Home loans at risk as lenders insist on flood insurance

Homeowners could be refused mortgages if unable to secure flood cover in home insurance policies.

Halifax spokesman Chris Sonne said he believed it would be "difficult" to offer mortgages on properties not protected by flood insurance. "I suspect there will be specialist insurers who will come into the market to insure for floods," he said.

Sonne said Halifax customers who had previously been insured by Halifax would continue to be offered cover even if they were in a flood risk area. He said this would alleviate the problem of homeowners defaulting on their mortgages, which he said could become an issue.

A spokesman for online insurer esure said another danger to homeowners was that renewals could be difficult.

"The real issue is for people who have been flooded recently and who have let their policy lapse," he said. "There is a big danger if the insurer refuses to renew the policy."

Since 1 January this year, insurers were no longer obliged under the moratorium to provide flood cover.
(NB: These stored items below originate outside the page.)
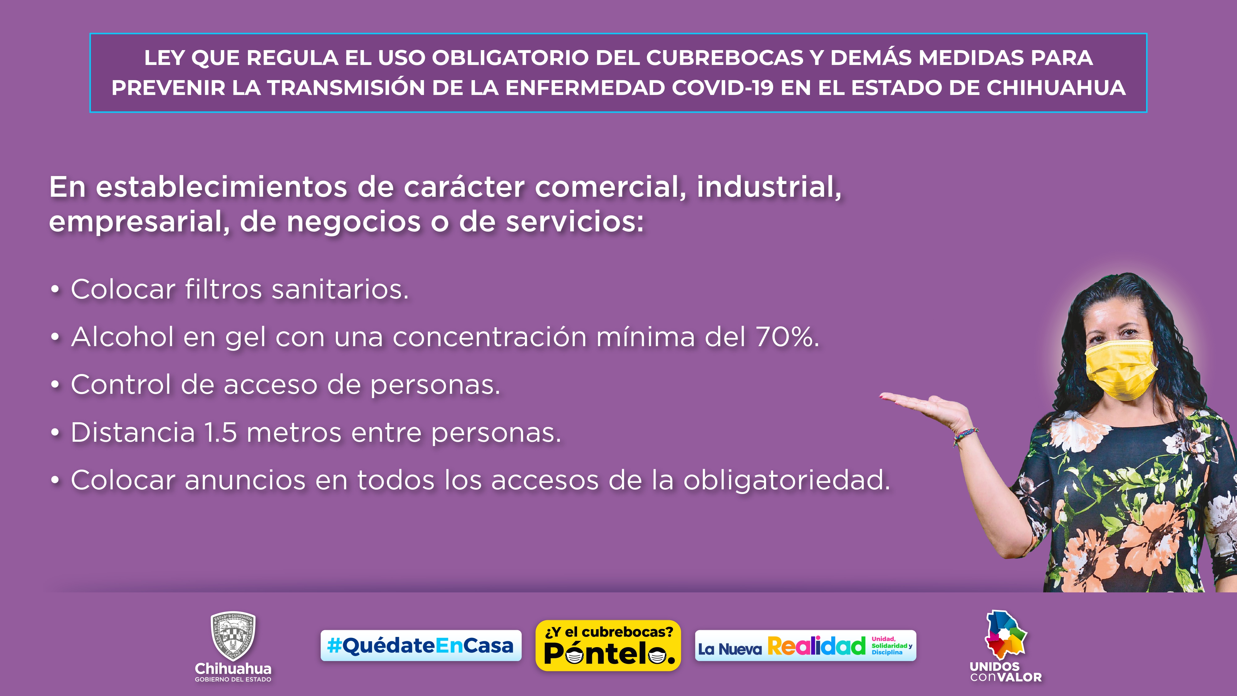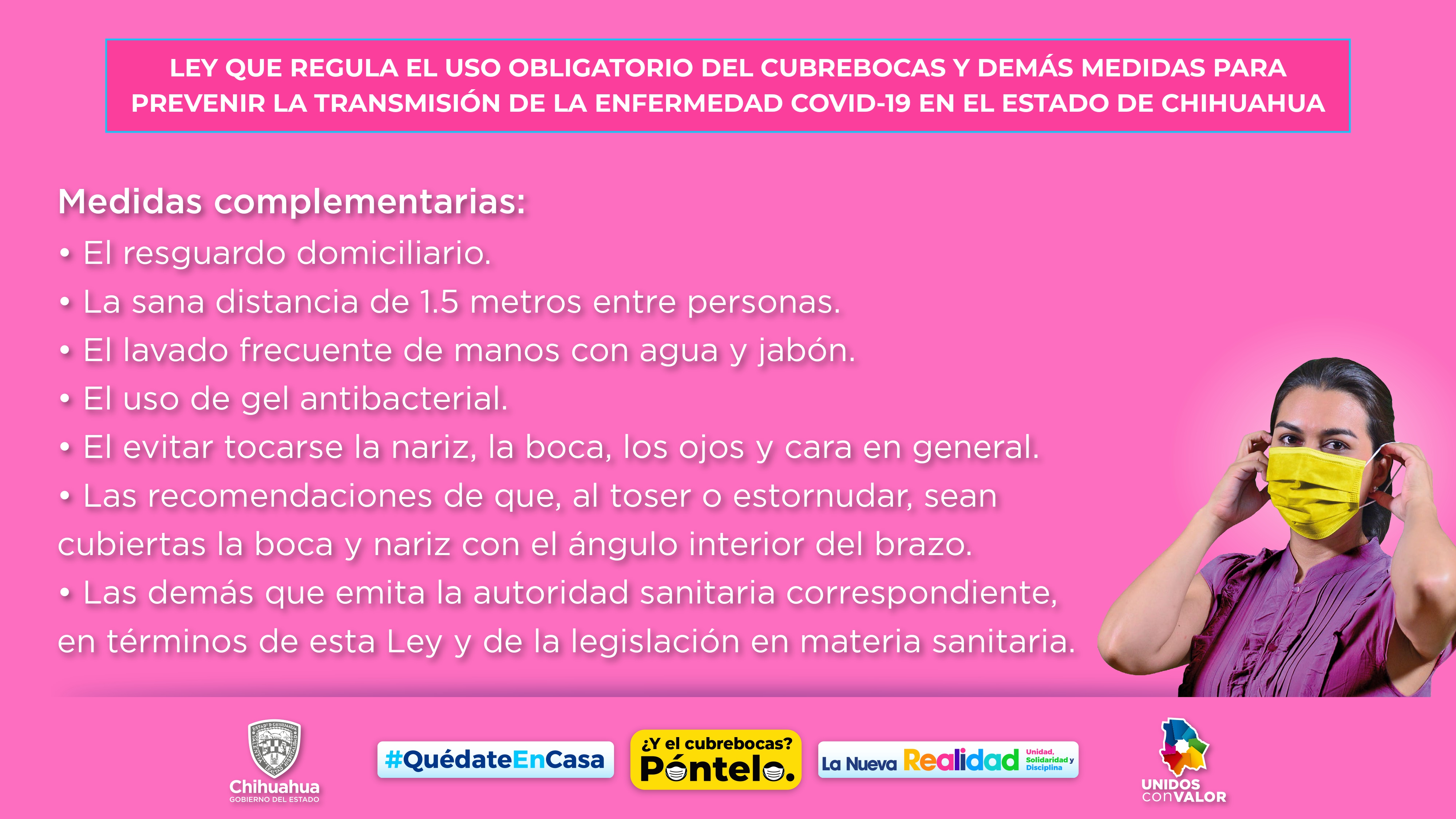 Esta normatividad contempla no únicamente el uso del cubrebocas, sino el acatar el resto de las medidas preventivas establecidas por el Sector Salud, a fin de reducir el índice de contagio de la pandemia. “Es deber de ciudadanos solidarios protegernos y proteger a los demás”. “Esto es lo que nos va a ayudar también a ese equilibrio entre la economía y la salud”, aseguró la doctora Mirna Beltrán, subsecretaria de Prevención y Promoción de la Salud.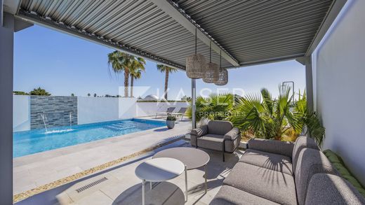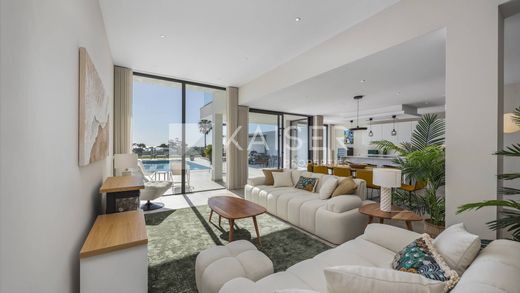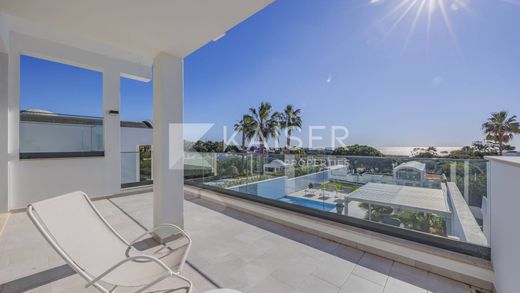 This majestic south-facing villa, recently extended with a heated swimming pool, garage, garden, panoramic sea views and flooded with natural light, is located in a exclusive area, within walking distance of a magnificent beach and several renowned restaurants, and a few minutes' drive from the marina and the town of Albufeira.Basement: Three garages with automatic gates, pump room, and electric car charging point. Ground Floor: Entrance hall, two bedrooms with en-suite shower rooms and direct access to a pateo, and a TV room (which can also be used as an additional bedroom). Living/dining area with open-plan kitchen, fully equipped and pateo doors giving access to the pool area, covered lounge area and the garden. Laundry/utility room housing three batteries of the PV system.First Floor: Master bedroom with automatic blackout blinds, en-suite bathroom featuring underfloor heating, dressing room, and a large south-facing terrace with stunning sea views. Small shower room; additional bedroom accessed from the large north-facing terrace and another south-facing terrace.The villa has been recently extended and currently features air conditioning throughout, 19 photovoltaic panels on the roof, a heated swimming pool with electric cover and fountain, outdoor shower and electric awning.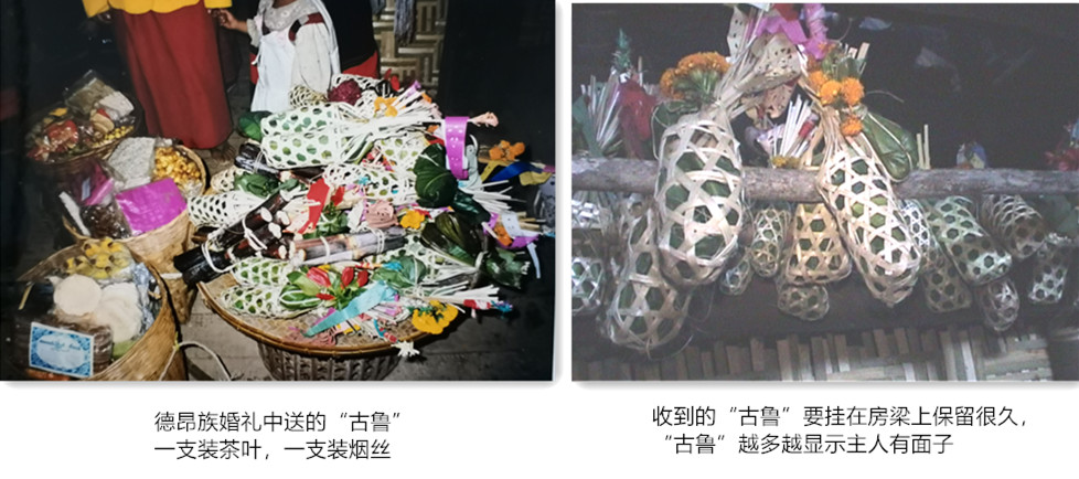 比较有意思的是,这里面的物品不论从重量还是从实用价值上看都是微不足道的,但是在德昂族看来,如果在礼品中没有茶叶和烟丝,就是不懂礼的表现。因此在德昂族社会的大事小情等场面,送一包茶叶是必不可少的。主人收到装有茶叶的“古鲁”礼品后,会把它一一挂在房梁上,摆成长长的几串,配上上面挂着的红布条等,五颜六色非常好看。梁上挂的“古鲁”越多,表明来的客人越多,主人越有面子。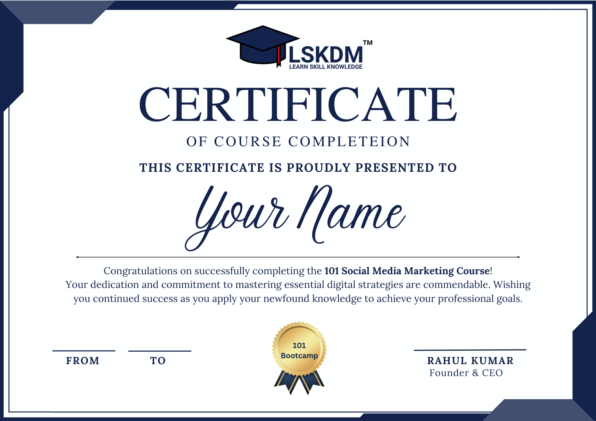 After you complete your digital marketing course, LSKDM will award you this certificate.
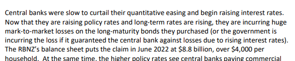 The (quite short) paper isn’t specifically focused on New Zealand and our central bank, and consistent with that the authors have secured a Foreword from Bill White, former deputy governor of the Bank of Canada, and then long-serving Chief Economist of the Bank for International Settlements, from which perch he irritated many with his warnings about system fragility in the years leading up to 2008. He is a really smart guy and what he writes is usually worth thinking about, and I’ve enjoyed various stimulating discussions/debates with him over the years. His views today, reflected in the Foreword, still stand out of the mainstream (rightly or wrongly). If he is keen on fiscal consolidation etc across the advanced world, he champions “significant tax increases, particularly on the wealthy”, and while suggesting this would be desirable but politically impossible then suggests that a heavy reliance on monetary policy may pose a threat to democracy itself. White appears to believe that we are on the cusp of a very substantial adjustment, as the public and private debt built-up over the last few decades is sorted out (“we must review carefully our judicial and administrative procedures to ensure the necessary debt restructuring, and there will be a lot of it, will be orderly rather than disorderly”. Perhaps, but it is a long way from debates about how monetary policy has been run in the last 2.5 years or so. (And, for what it is worth, New Zealand has low public debt, and (for ill) its housing debt remains underpinned by governments and councils that refuse to free up land use on the margins of our cities.)
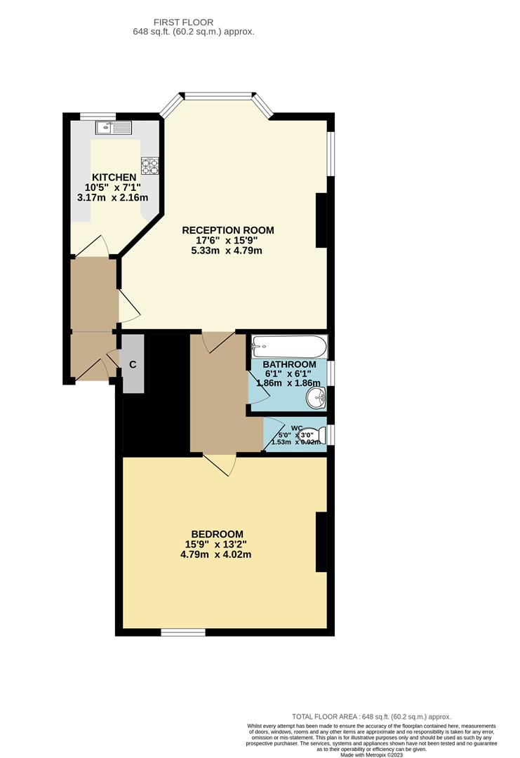 The accommodation includes a large double bedroom with ample space for storage, a bright and spacious lounge/dining room full of natural light and a separate fitted kitchen. The property also benefits from a well-appointed bathroom with a shower over the bath, and a separate WC for added convenience.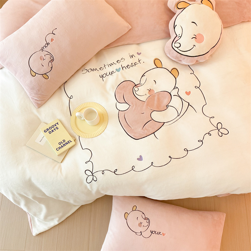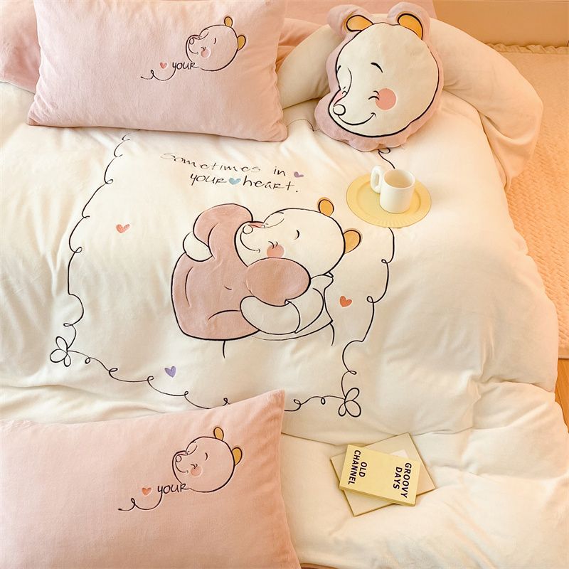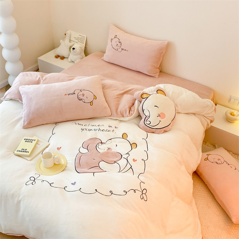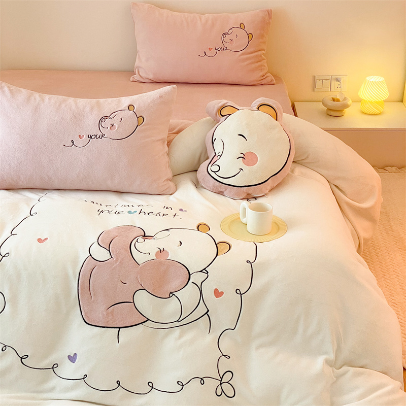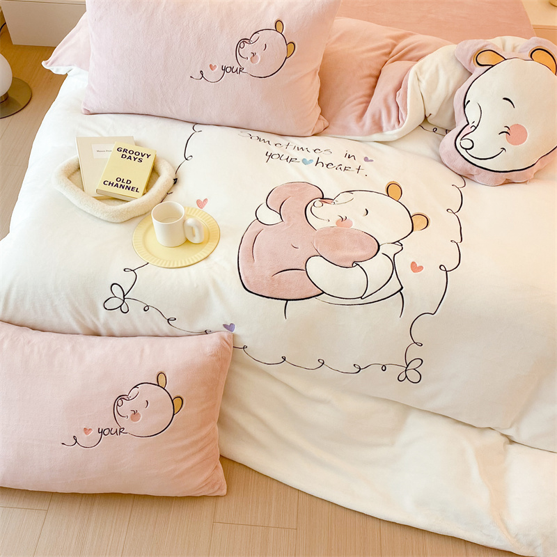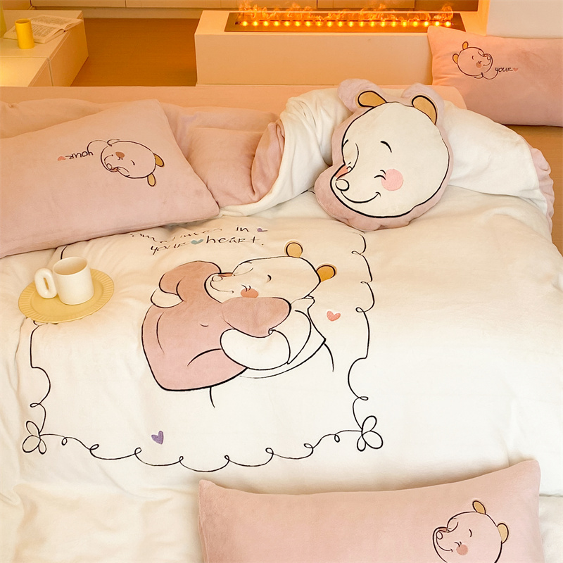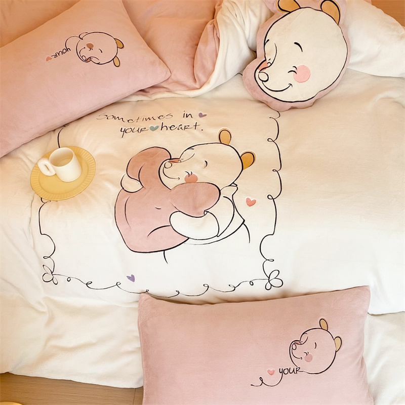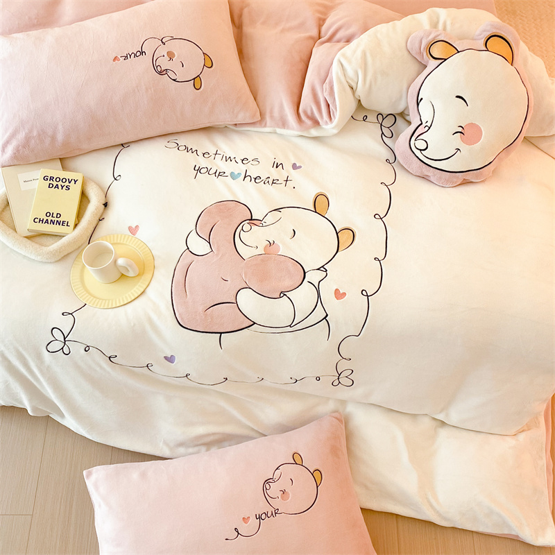 (总)朗莎家纺 2021新款贴布绣牛奶绒四件套,悠悠熊,唐老鸭

In accordance with the ABI's statement of principles following the removal of the moratorium, a spokeswoman for the Environment Agency (EA) said it was continuing to send sample data to the ABI until the end of January. She said this was a list of postcode sectors and a percentage proportion of houses in high, medium and low risk areas for insurers to use to calculate risks.

She said the EA had already given the ABI data for the southern region.

Associate director with engineering firm Arup Mark Fletcher said the EA was doing a good job. He said Arup was currently working with the EA and designing the Edinburgh flood scheme. "We have got to get away from it being the EA's problem," he said. "Current planning policies are far stricter. The government does have national frameworks in place but it takes time to design them."